Among the many things we don’t teach our doctors is how to navigate conversations about religion and spirituality with patients. In fact, we teach them quite the opposite – never to utter science and religion in the same breath.

This makes sense when it comes to prescribing habits being influenced by religious beliefs. In making a choice about contraception and abortion, receiving the rubella or the HPV vaccine, accepting a blood transfusion, donating an organ or having a defibrillator inserted, our patients deserve nothing but an informed, impartial and scientific view. Proselytising is unacceptable and prayer is not an alternative to timely surgery or aggressive resuscitation. The religious bent of a doctor poses a real hazard for patients who lack alternatives, say in a rural region.
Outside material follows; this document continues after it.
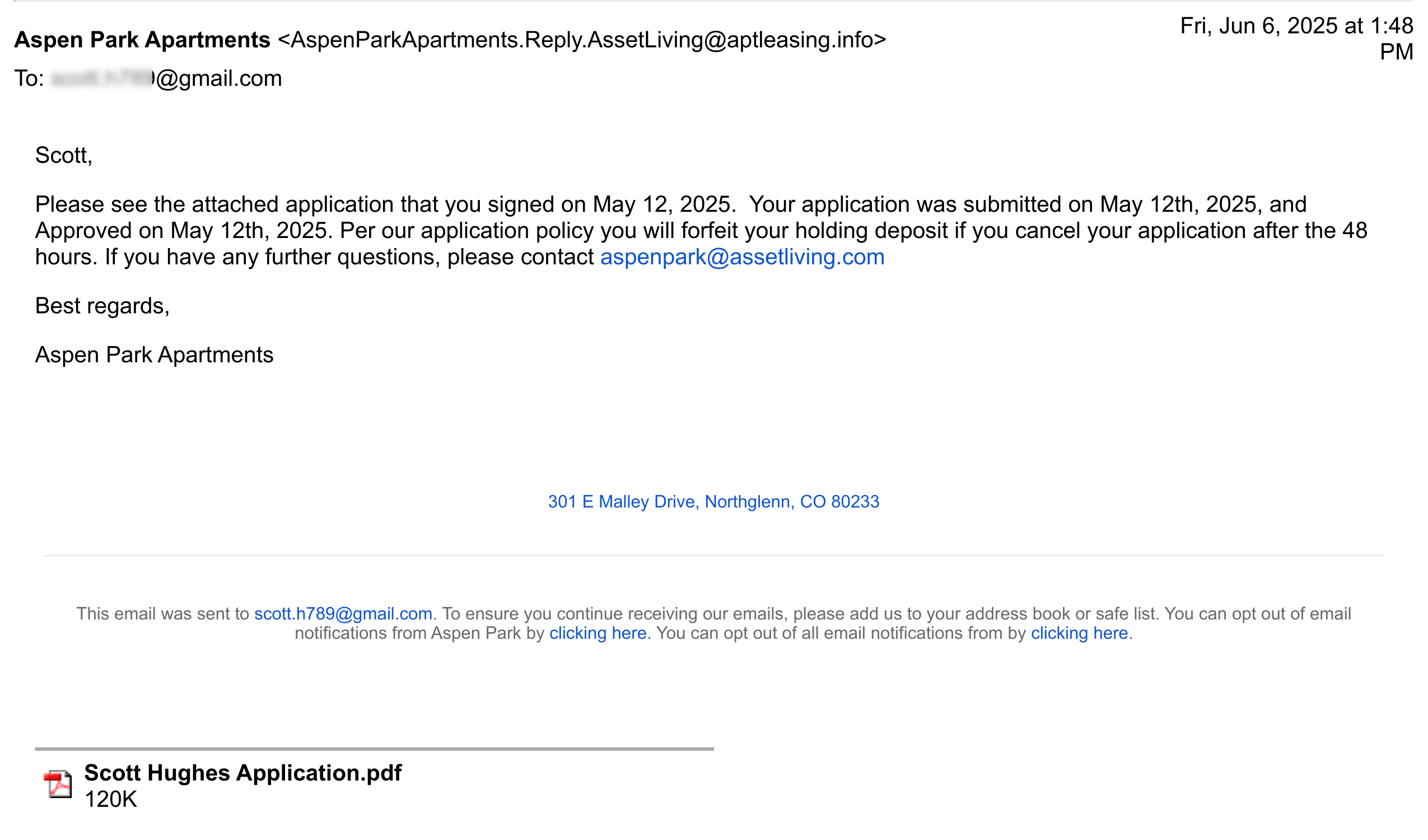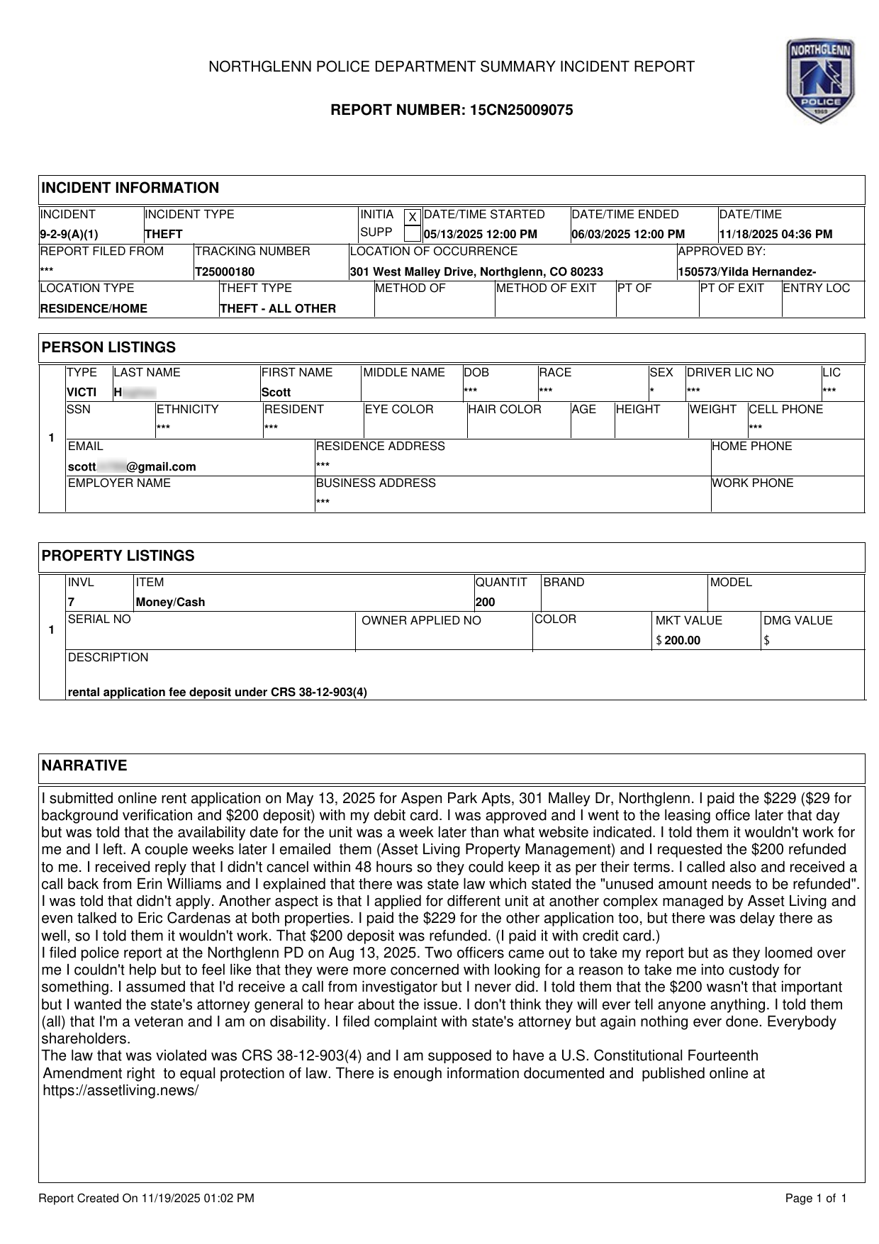 I submitted online rent application on May 13, 2025 for Aspen Park Apts, 301 Malley Dr, Northglenn. I paid the $229 ($29 for background verification and $200 deposit) with my debit card. I was approved and I went to the leasing office later that day but was told that the availability date for the unit was a week later than what website indicated. I told them it wouldn't work for me and I left. A couple weeks later I emailed them (Asset Living Property Management) and I requested the $200 refunded to me. I received reply that I didn't cancel within 48 hours so they could keep it as per their terms. I called also and received a call back from Erin Williams and I explained that there was state law which stated the "unused amount needs to be refunded". I was told that didn't apply. Another aspect is that I applied for different unit at another complex managed by Asset Living and even talked to Eric Cardenas at both properties. I paid the $229 for the other application too, but there was delay there as well, so I told them it wouldn't work. That $200 deposit was refunded. (I paid it with credit card.) I filed police report at the Northglenn PD on Aug 13, 2025. Two officers came out to take my report but as they loomed over me I couldn't help but to feel like that they were more concerned with looking for a reason to take me into custody for something. I assumed that I'd receive a call from investigator but I never did. I told them that the $200 wasn't that important but I wanted the state's attorney general to hear about the issue. I don't think they will ever tell anyone anything. I told them (all) that I'm a veteran and I am on disability. I filed complaint with state's attorney but again nothing ever done. Everybody shareholders. The law that was violated was CRS 38-12-903(4) and I am supposed to have a U.S. Constitutional Fourteenth Amendment right to equal protection of law. There is enough information documented and published online at https://assetliving.news/

Our patients routinely volunteer information about their sexual habits, drug abuse and domestic violence and we rarely feel uncomfortable in the same way as we do at the mention of religion. Like me, many doctors wonder whether and how to handle a conversation about a perennially controversial topic without compromising ourselves in the process.

The rush of modern medicine combined with the fragmentation of healthcare means that no one doctor is (or feels) wholly responsible for one patient but the need to sit with our patients, tap into their fears and assuage their concerns is only growing. Even if their invitations open with a reference to God, considerate listening and golden silence have little to do with religion and much to do with humanity.

By balking at the mere mention of God, I can’t help thinking that we may be missing an opportunity to provide comfort to our patients and make them feel heard and seen in ways that we don’t fully appreciate. The art of medicine lies in helping patients benefit from its science while remembering that illness is just one of many threads in the fabric of their lives.

With one in five Australians not identifying with any religion, clearly not every sick individual seeks meaning in God but as an oncologist I see that notions like hope, legacy and a life well-lived take on an urgency when serious illness strikes. Our patients are grateful then that no matter what our religious beliefs, we are willing to share in a decidedly universal cause, that of our shared humanity.